- Born: April 28, 1914 Deer Lodge, Montana
- Died: April 3, 2002 (aged 87) Monterey, California
- Education: Stanford University
- Occupations: Historian, museum director
- Mother: Elizabeth Lochrie

= Betty Hoag =

American art historian (1914–2002)

Elizabeth Jane Lochrie Hoag McGlynn (28 April 1914 – 3 April 2002), most often known as Betty Hoag, was an American art collector, museum director, and art historian who specialized in painters of California and Hawaii, as well as in the New Deal art of the 1930s. In the 1960s she conducted dozens of oral history interviews with New Deal artists for the Smithsonian's Archives of American Art.

== Biography ==

Hoag was born on April 28, 1914, in Deer Lodge, Montana.
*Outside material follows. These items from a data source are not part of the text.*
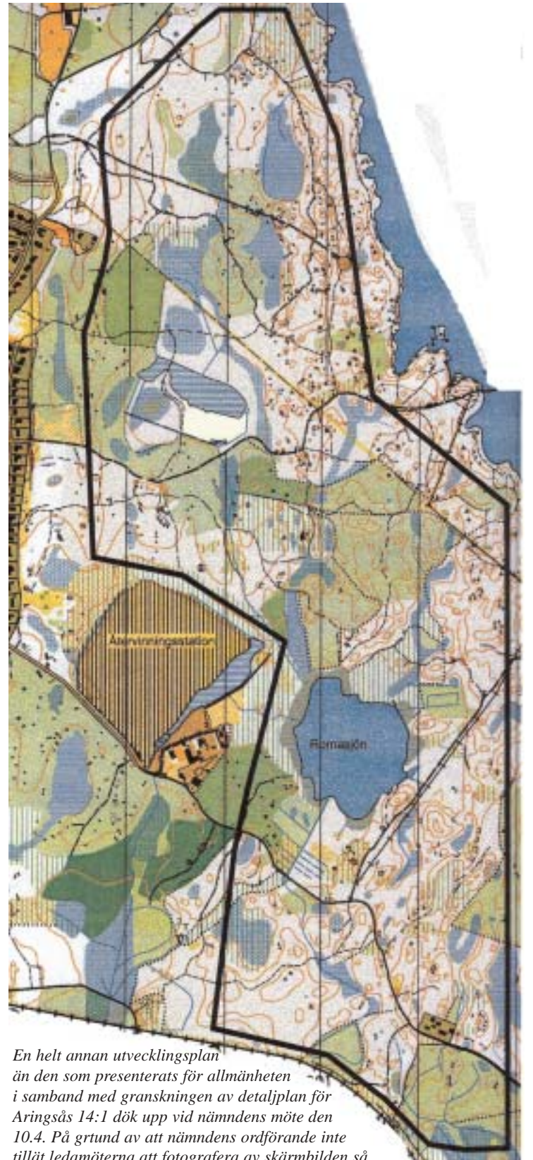
En helt annan utvecklingsplan än den som presenterats för allmänheten i samband med granskningen av detaljplan för Aringsås 14:1 dök upp vid nämndens möte den 10.4. På grund av att nämndens ordförande inte tillät ledamöterna att fotografera av skärmbilden så är området en minnesbild som nedtecknats i efterhand.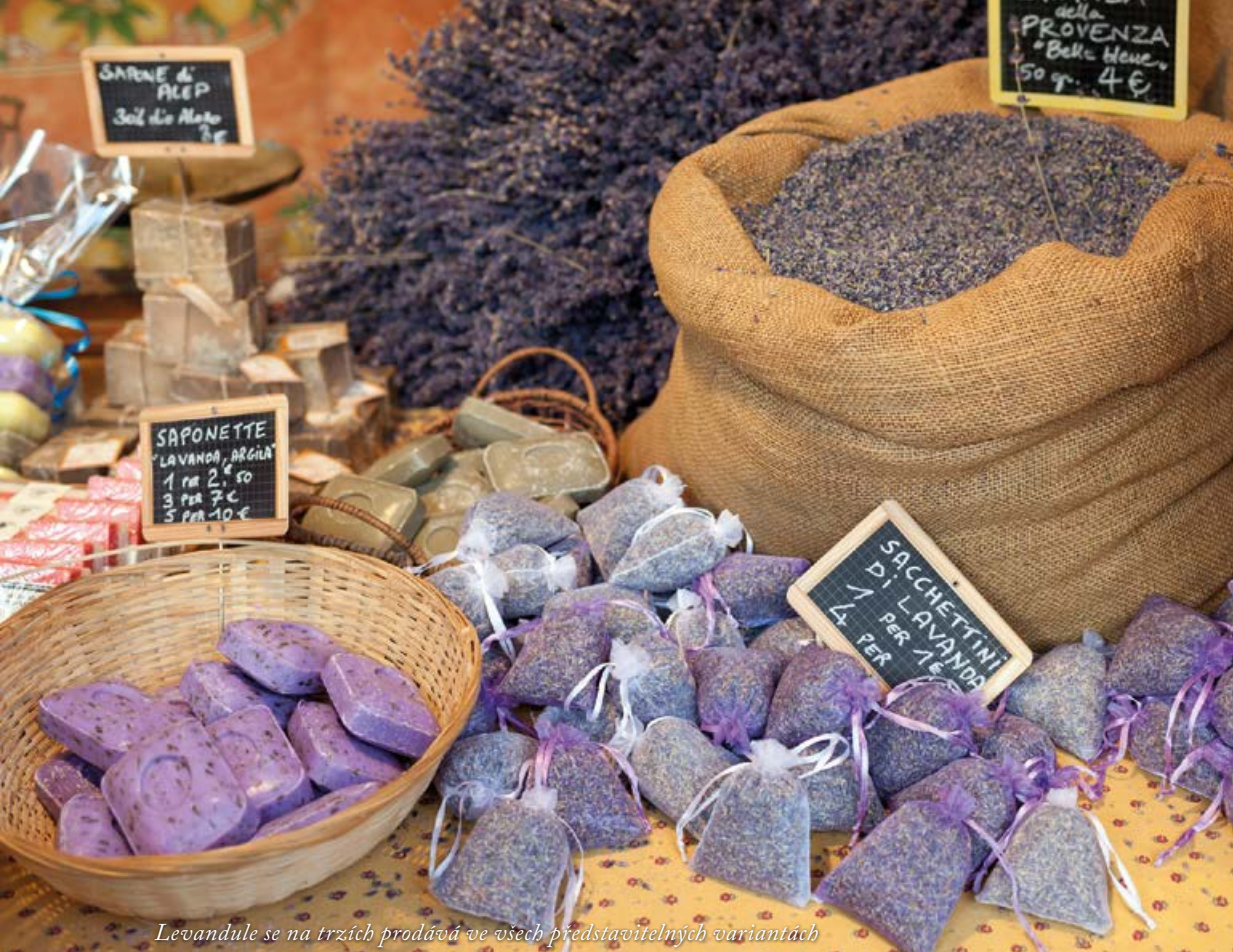
Levandule se na trzích prodává ve všech představitelných variantách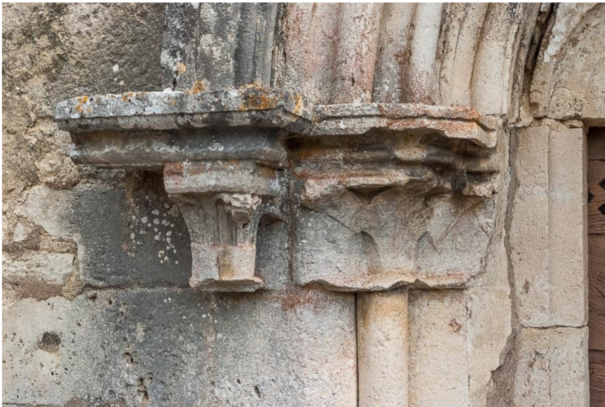
Portail, détail des chapiteaux.

21, Auxey-Duresses rue de la Fontaine, lieudit : Petit-Auxey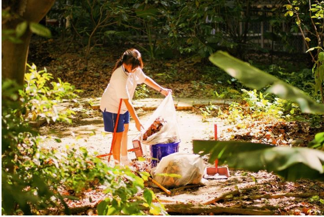
高中部參賽者佳作作品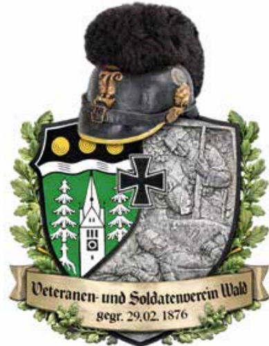
Das Wappen des Vereins.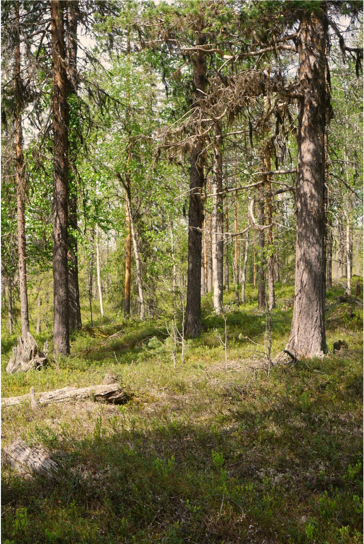
Vid ett besök på hösten går sannolikt fler rödlistade arter att finna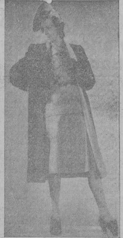
Los primeros modelos para el invierno, en Berlín

Ejercicio oral.—Se convoca para mañana, a las cuatro de la tarde, a los alumnos comprendidos entre el número 307 al 353, ambos inclusive.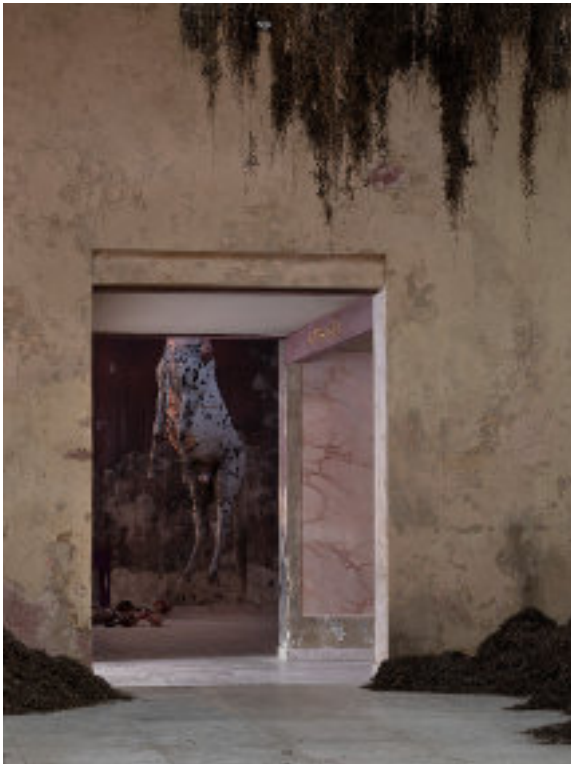
Uffe Isolotto, We Walked the Earth (pavillon danois)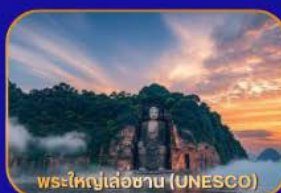
พระใหญ่เล่อซาน (UNESCO)

ล่องเรือชม “พระใหญ่เล่อซาน” - เมืองโบราณหวงหลงซี - แพนด้าเซลฟี - ห้างสรรพสินค้า - Wangjianglou Park - ถนนชุนซีลู่ (แหล่งช้อปปิ้ง) - IFS (แพนด้าปีนตึก) - วัดต้าเจี้อ

Her parents were artist Elizabeth Lochrie and her father, Arthur J. Lochrie, was a former president of the Butte Miner's Bank. She married architect Paul Hoag and settled in West Los Angeles and raised three children. She divorced and moved to Carmel and married painter Thomas McGlynn in 1967. She earned her undergraduate degree from Stanford University and a master's from University of Southern California. (Note: Her master's thesis was on Jules Tavernier and the Monterey art colony: Hoag, Betty Lochrie (1967). "Jules Tavernier: Monterey's Knight of the Palette") She was the director of the Triton Museum of Art in Santa Clara, California. From 1967 to 1970, she was research director of the Carmel Art Museum in Carmel.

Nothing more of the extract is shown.